See Schema & Fields for the full behaviour matrix.
dynamicFieldPolicy()
Returns the current policy as a lowercase string.
fieldNames()
Returns an array of defined field names.
toString()
Returns a string representation of the schema ("Schema(fields=[...])").
SearchResult
interface SearchResult {
id: string;
score: number;
document: object | null;
}
Analysis
JapaneseAnalyzer
Japanese morphological analyzer constructed from raw Lindera dictionary
bytes. Browser WASM has no real filesystem, so the standard
{ "language": "japanese", "dict": "/path/to/ipadic" } preset cannot
be used.
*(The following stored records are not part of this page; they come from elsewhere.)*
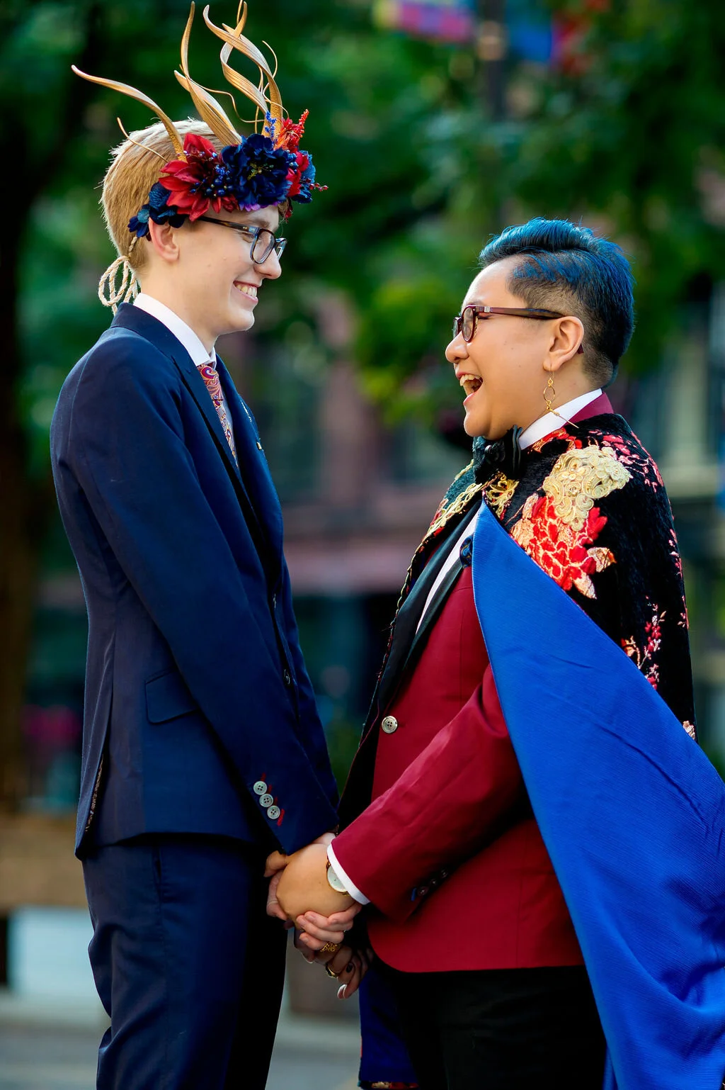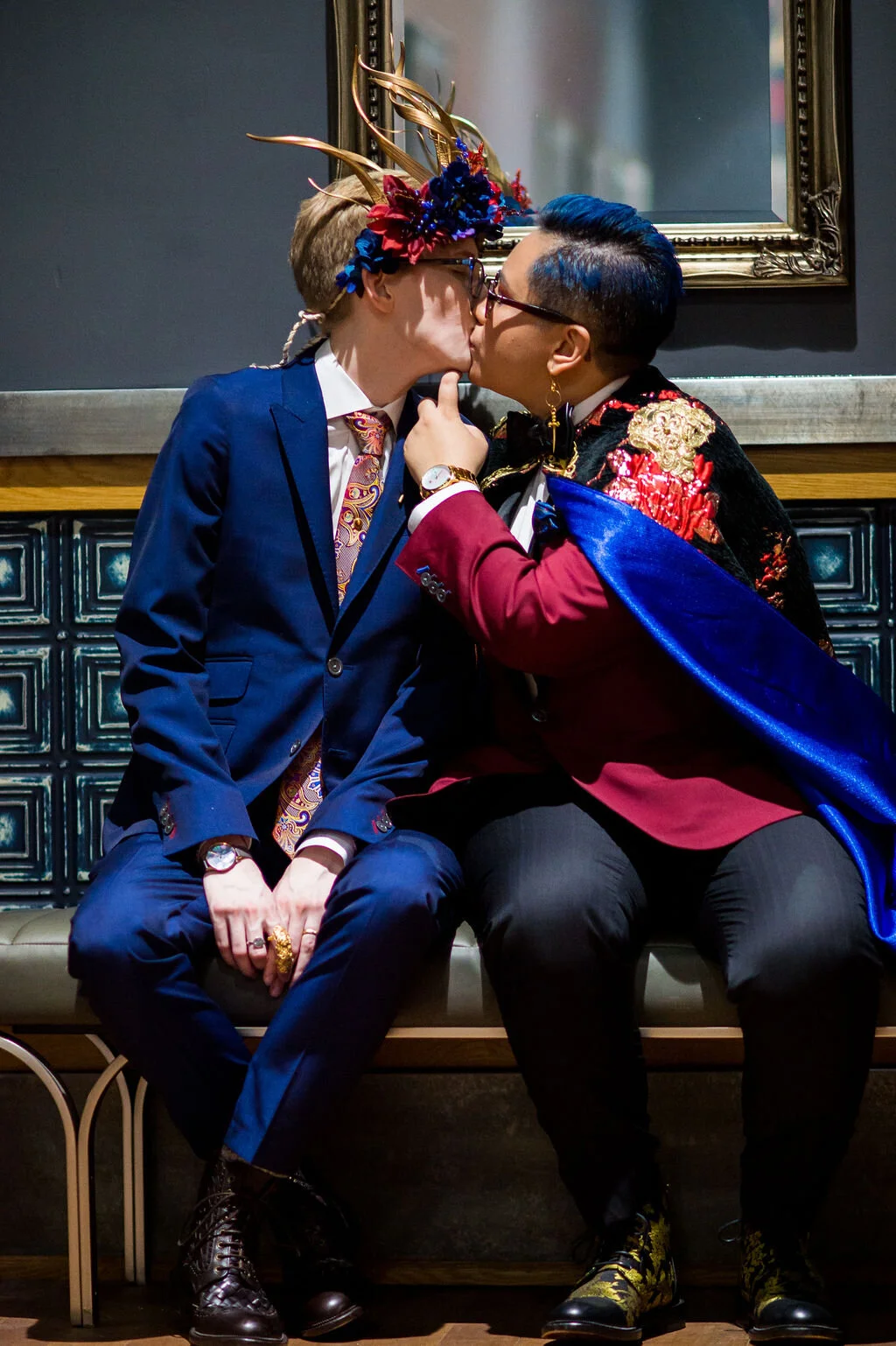 The two most important accessories of our outfits were K’s spindly, jeweled floral crown and my regal embroidered floral cape with satin blue lining. We commissioned artists for both pieces and had them custom made from scratch to perfectly make our visions a reality. We came up with fantasy personas for ourselves as inspiration for designing our individual looks — K as an ethereal fae prince and me as a roguish prince of bandits. Our artists were beyond amazing to work with, and we felt truly majestic and happy with how we dressed on our big day. We felt like our true selves.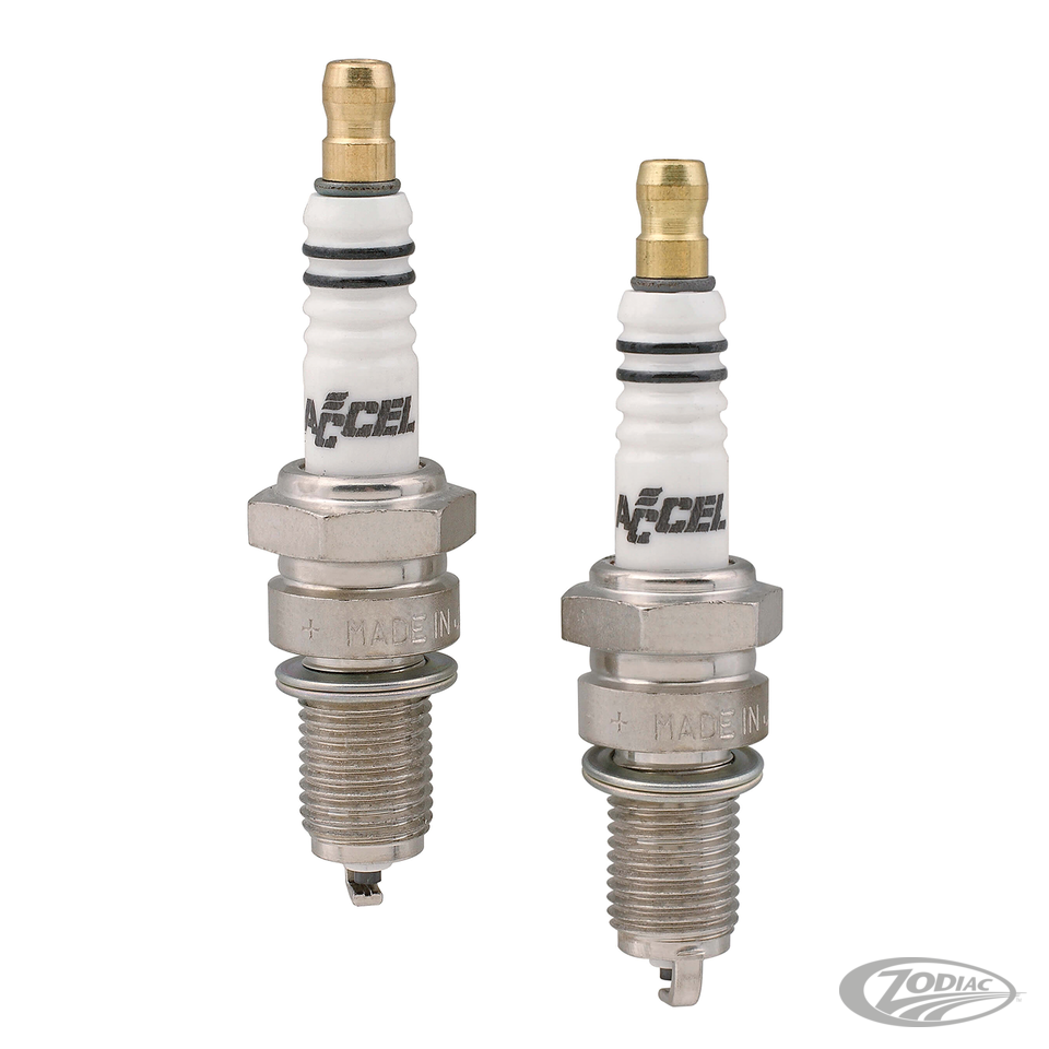 Accel HP copper spark plugs are the modernized successors to the Accel U-Groove spark plugs. The HP Copper plugs develop a large spark for more complete combustion. Insulators are made of highly purified alumina powder, superior in strength and thermal conductivity. Glass and copper powder bond the center electrode to the insulator by electroforming process to assure a gas tight seal. An electric heat seal seals tighter for a stable heat range. Plugs feature machine rolled threads for trouble-free installation and removal.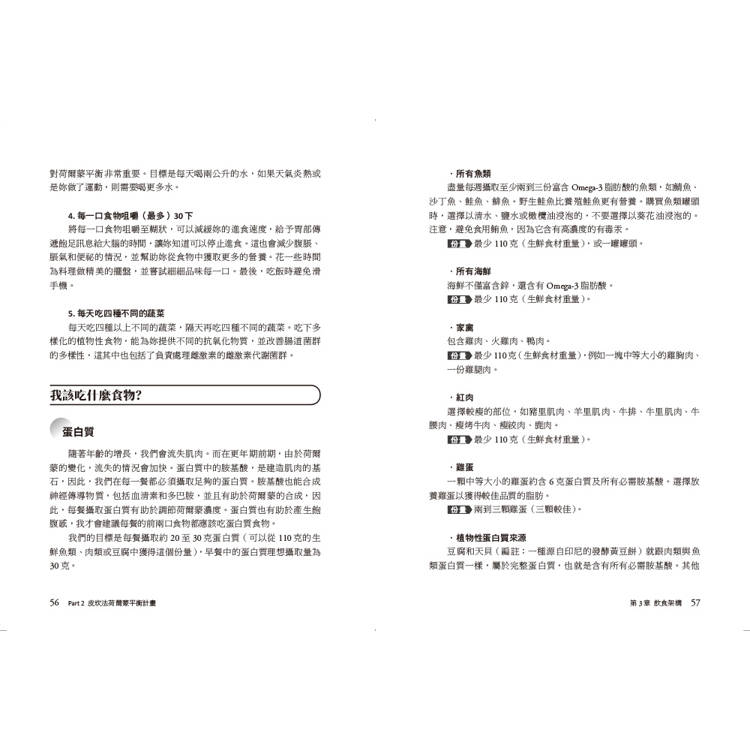 .獨家荷爾蒙平衡計畫:遵循飲食架構及其五大基礎原則,再加上有益荷爾蒙平衡的生活習慣,包含冥想與呼吸放鬆法、運動計畫、優質睡眠、減少環境毒素等。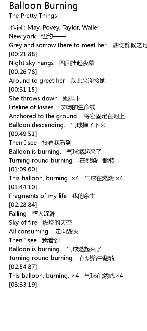 | [03:07.80] | This balloon, burning. ×4 气球在燃烧.×4 |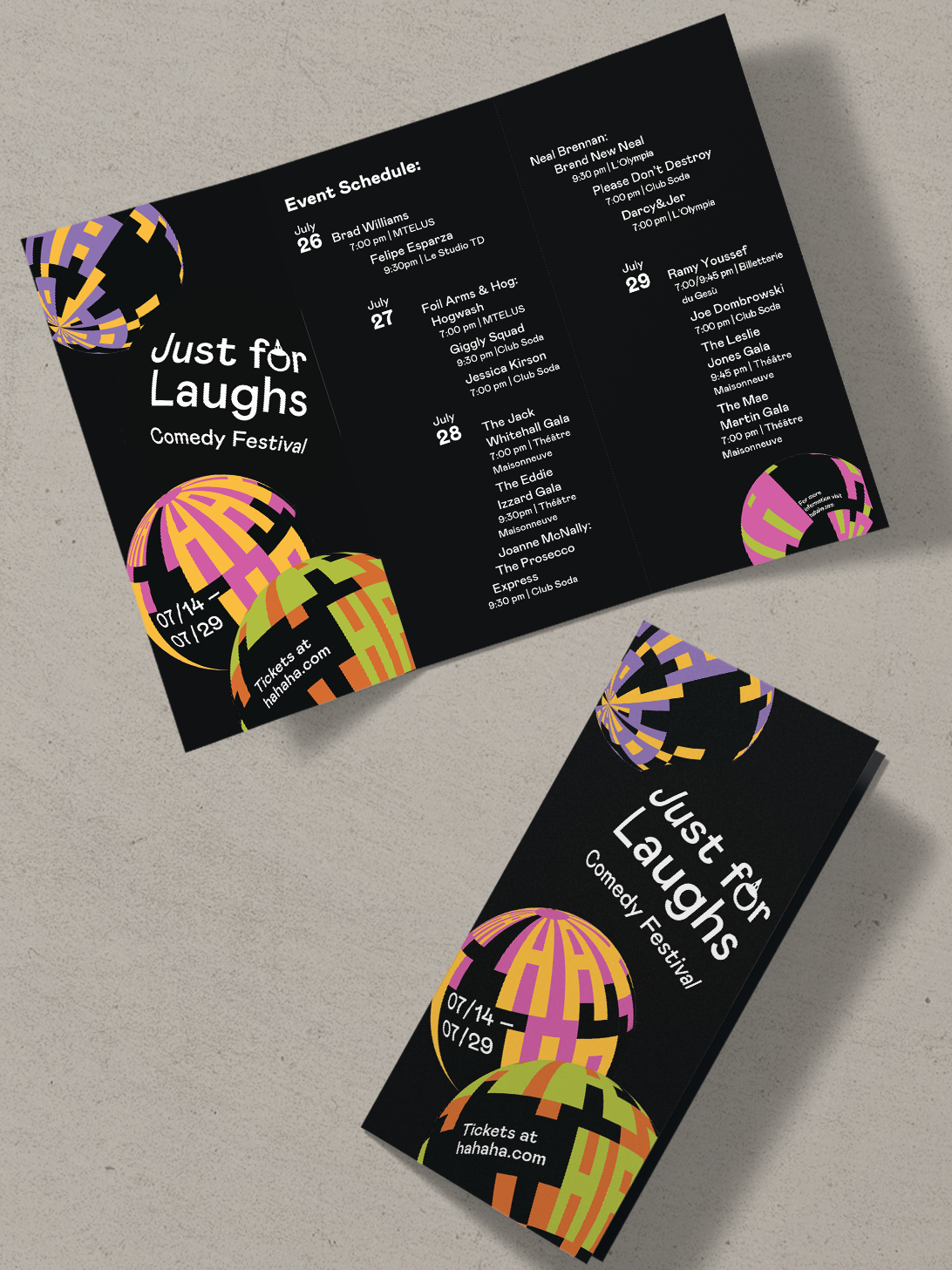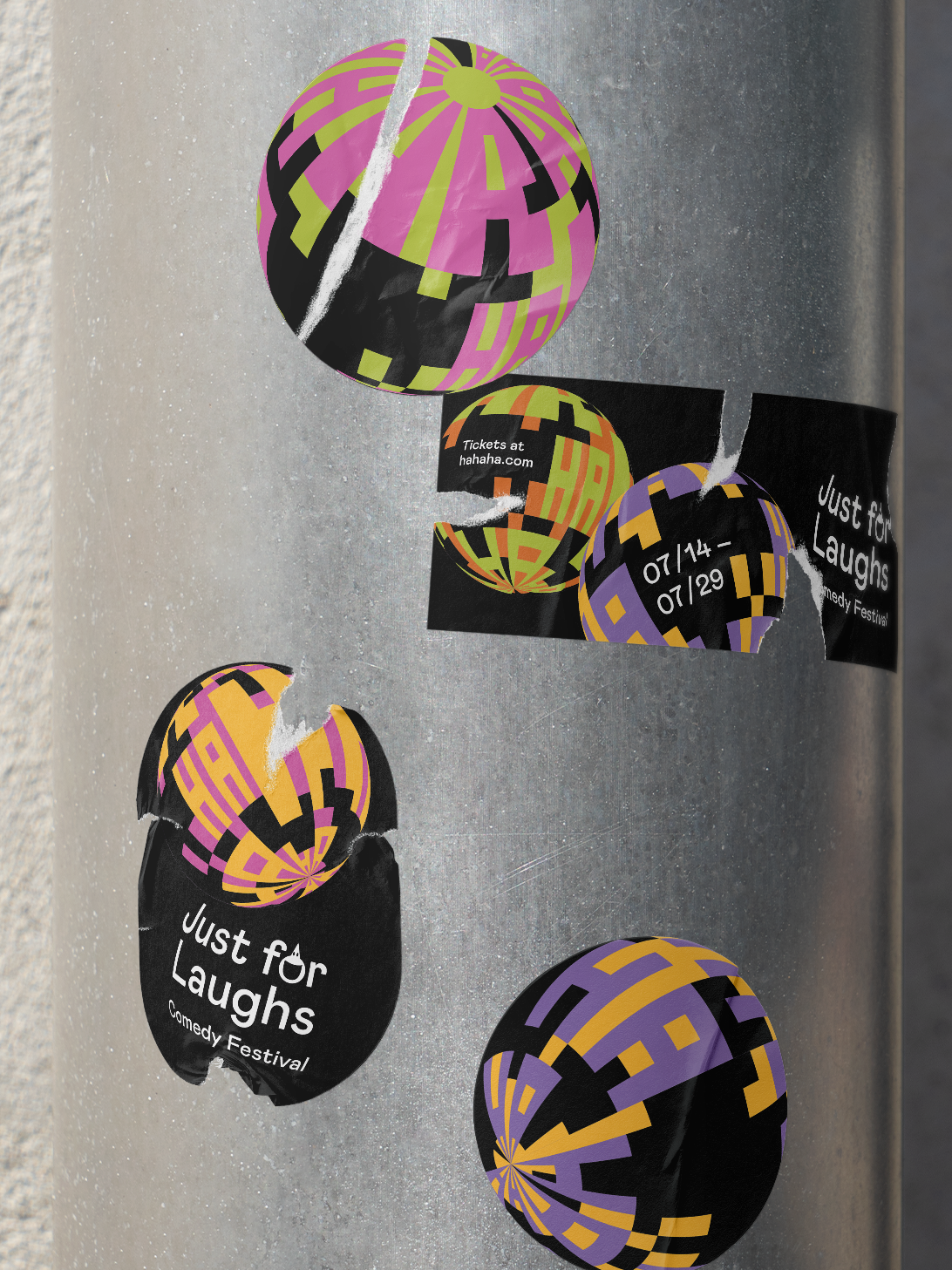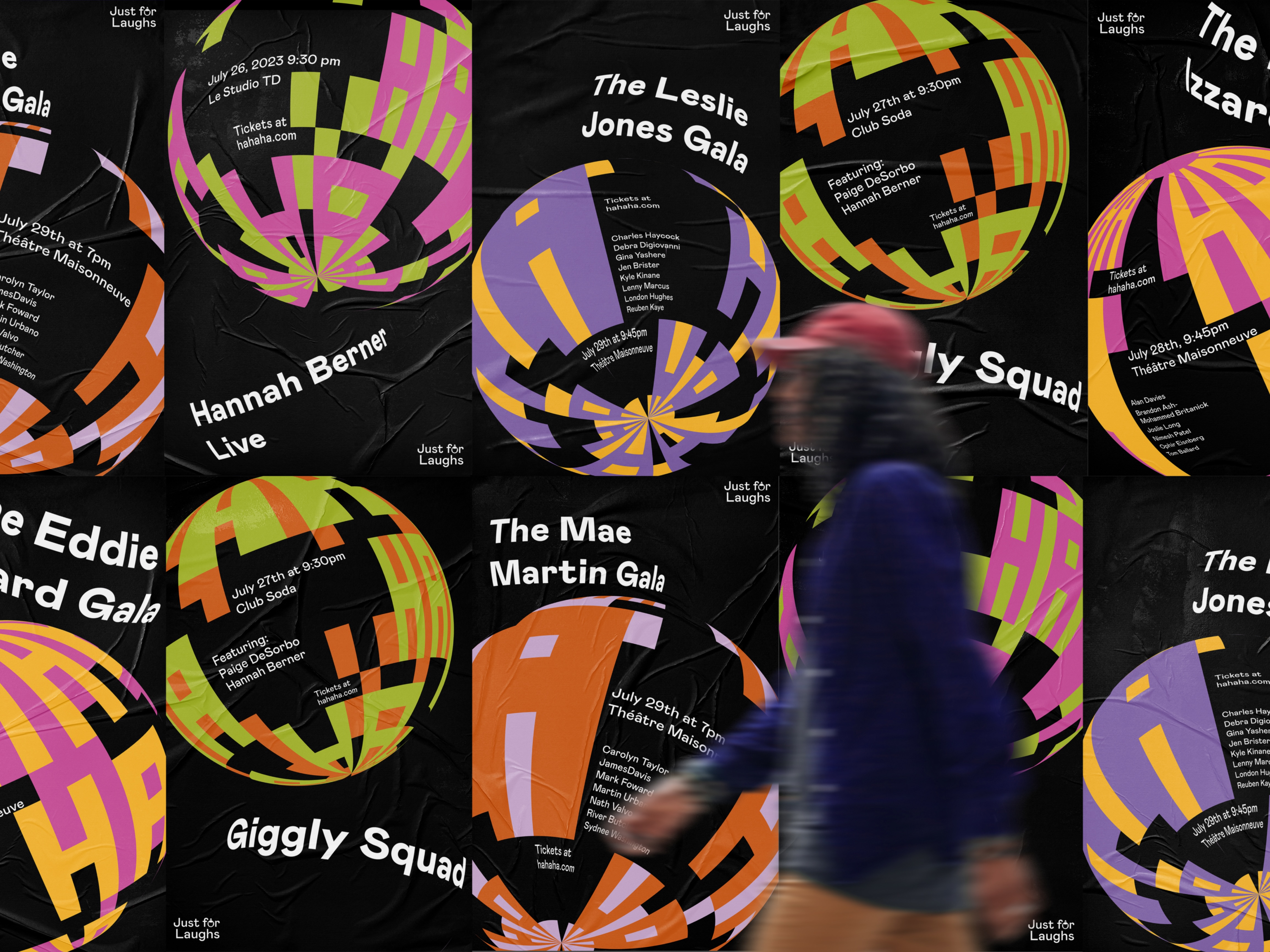For this spec project, we reimagined the Just for Laughs comedy festival with a flexible brand system built to match its electric, roll-with-the-punches spirit. The identity centers on bold, three-dimensional shapes that rotate, stack, and collide. These shapes are constantly in motion and together create a modular design system that can be easily adapted across posters, merch, digital assets, and event signage – giving every performer and event its own visual punchline. The result is a brand world that feels loud, lively, and unmistakably comedic.
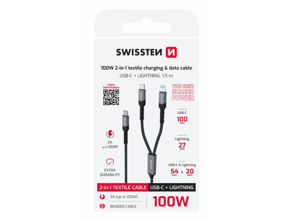 Swissten datový kabel 2v1, USB-C na USB-C + Lightning, 100W, 1.5 m - černá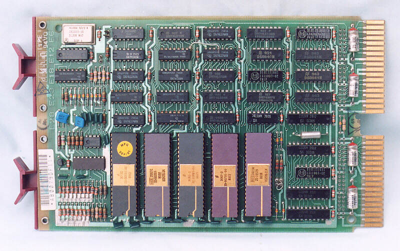 The PDP-11/03. There were two common processor options, dual height and quad height modules. This example has the LSI-11/2 processor, M7270, a dual height module. Below this are two M8047 CA modules, these are 16KW RAM with two serial lines each. The fourth module is M8029, an RX02 (dual 8" floppy disk) controller.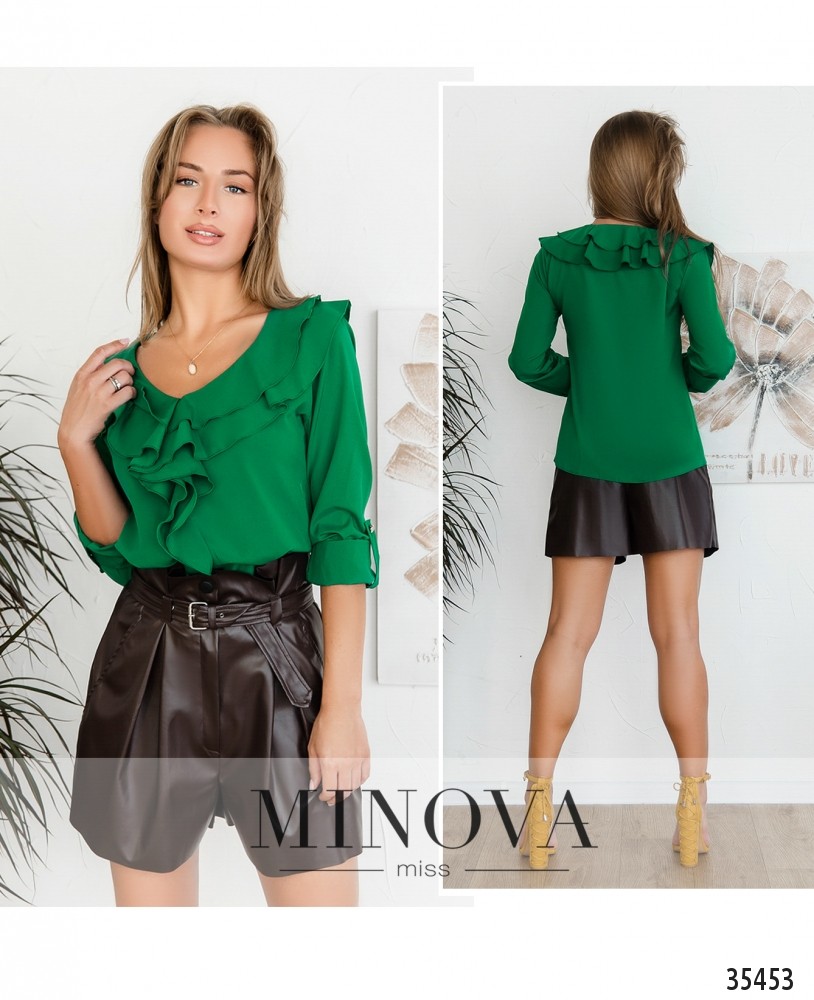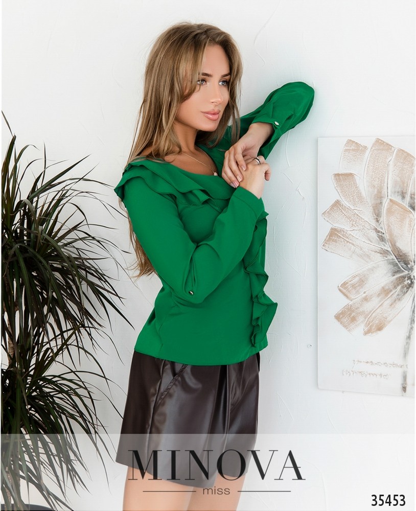 Жабо снова в моде, а значит, вы можете сделать свой повседневный наряд более романтичным и привлекательным! Minova представляет модель лёгкой блузы без застёжек и карманов. Аккуратные небольшие оборки украшают вырез горловины и спускаются до подола. Рукава полной длины, с возможностью отрегулировать их на ленту и пуговку. Блузка из очень лёгкой и приятной к телу ткани, не сильно просвечивается. Классический чёрный и белый оттенки подойдут для строгого дресс-кода с деловым костюмом или юбкой, а нежные яркие оттенки – для наряда на свидание или прогулку. Хорошо смотрится на любой фигуре благодаря свободному крою.

Instead, fetch a Lindera dictionary archive (typically
lindera-ipadic-X.Y.Z.zip), store it in OPFS via the
OPFS helpers, and pass the eight component byte
arrays to JapaneseAnalyzer.fromBytes.
JapaneseAnalyzer.fromBytes(metadata, dictDa, ..., mode?)
Static factory that builds an analyzer from raw IPADIC bytes.
Arguments (all Uint8Array except mode):
| Argument | Source file |
|---|---|
metadata | metadata.json |
dictDa | dict.da (Double-Array Trie) |
dictVals | dict.vals |
dictWordsIdx | dict.wordsidx |
dictWords | dict.words |
matrixMtx | matrix.mtx |
charDef | char_def.bin |
unk | unk.bin |
mode | "normal" (default), "search", or "decompose" |
Throws if any component fails to deserialize or the mode string is invalid.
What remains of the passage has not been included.